Self-Evolution — Agents Rewrite Their Own Procedural Memory

The most powerful capability of Markus’s procedural memory is self-evolution. Agents can edit their own ROLE.md and HEARTBEAT.md files using the file_edit tool. This is governed by the self-evolution skill, which applies strict rules:

  1. Three or more related experiential lessons must point to a behavioral change.
  2. Confidence must be high that the change reflects proven, repeated experience.
  3. The change must have systemic impact (affecting many future tasks).
  4. The change must not contradict the core role definition.

Like human muscle memory, procedural memory in Markus changes gradually through deliberate practice. An agent doesn’t rewrite its identity after one mistake — it accumulates evidence, identifies patterns, and then evolves. This prevents the identity drift that plagues less disciplined agent architectures.

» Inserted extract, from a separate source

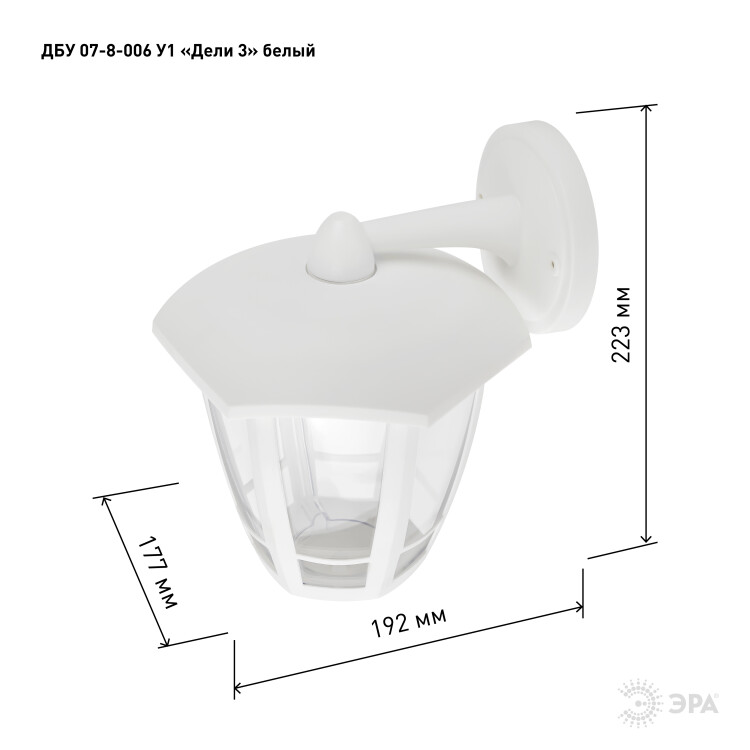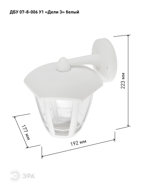 Садово-парковый светильник ЭРА ДБУ 07-8-006 Дели 3 белый 6 гранный настенный IP44 светодиодный 8Вт 6500K (кр. 1шт)
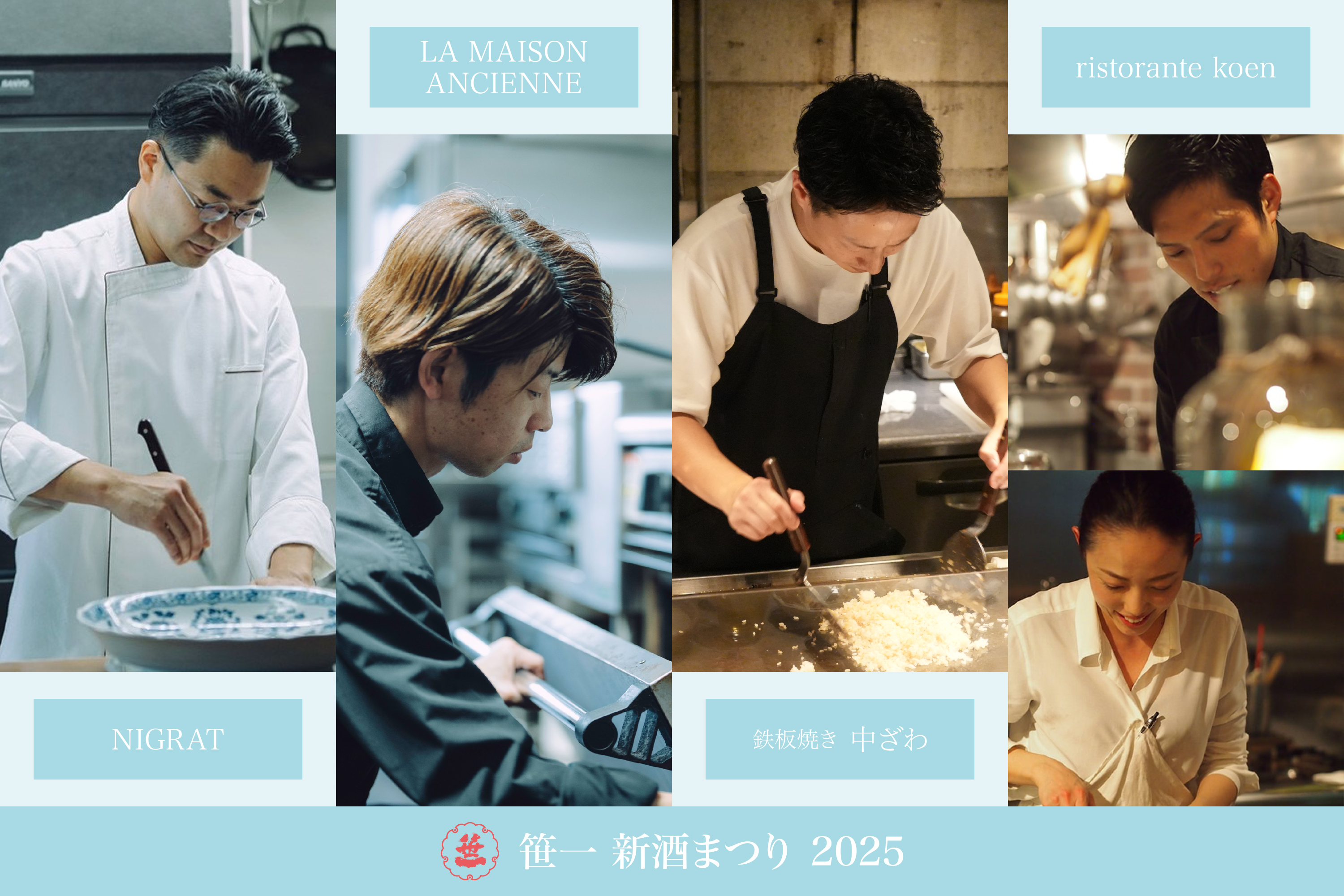 また、新酒まつり当日は、山梨を代表するレストランが両日限定で特別出店し、世界的日本酒コンクールでプラチナ賞を受賞したラグジュアリー日本酒「旦」とペアリングコラボレーションするメニューを提供します。さらに、蔵元直営カフェ「SASAICHI KRAND CAFE(ササイチクランドカフェ)」では、新酒まつり限定で「笹一酒粕チーズケーキアイス」を提供します。

Source: MEMORY-SYSTEM.md §3 — “Identity (ROLE.md)” — “Write triggers: Agent self-modification via file_edit tool (governed by self-evolution skill)“


3. Semantic Memory — “What the Agent Knows”

The semantic memory layer is the agent’s organized knowledge base. It consists of two complementary substores that together implement Tulving’s semantic memory function.

MEMORY.md — Curated Knowledge

The MEMORY.md file is the agent’s distilled, validated knowledge store. Unlike rigid knowledge management systems that force artificial taxonomies, Markus lets agents organize their knowledge freely. The agent determines the section structure based on what it learns.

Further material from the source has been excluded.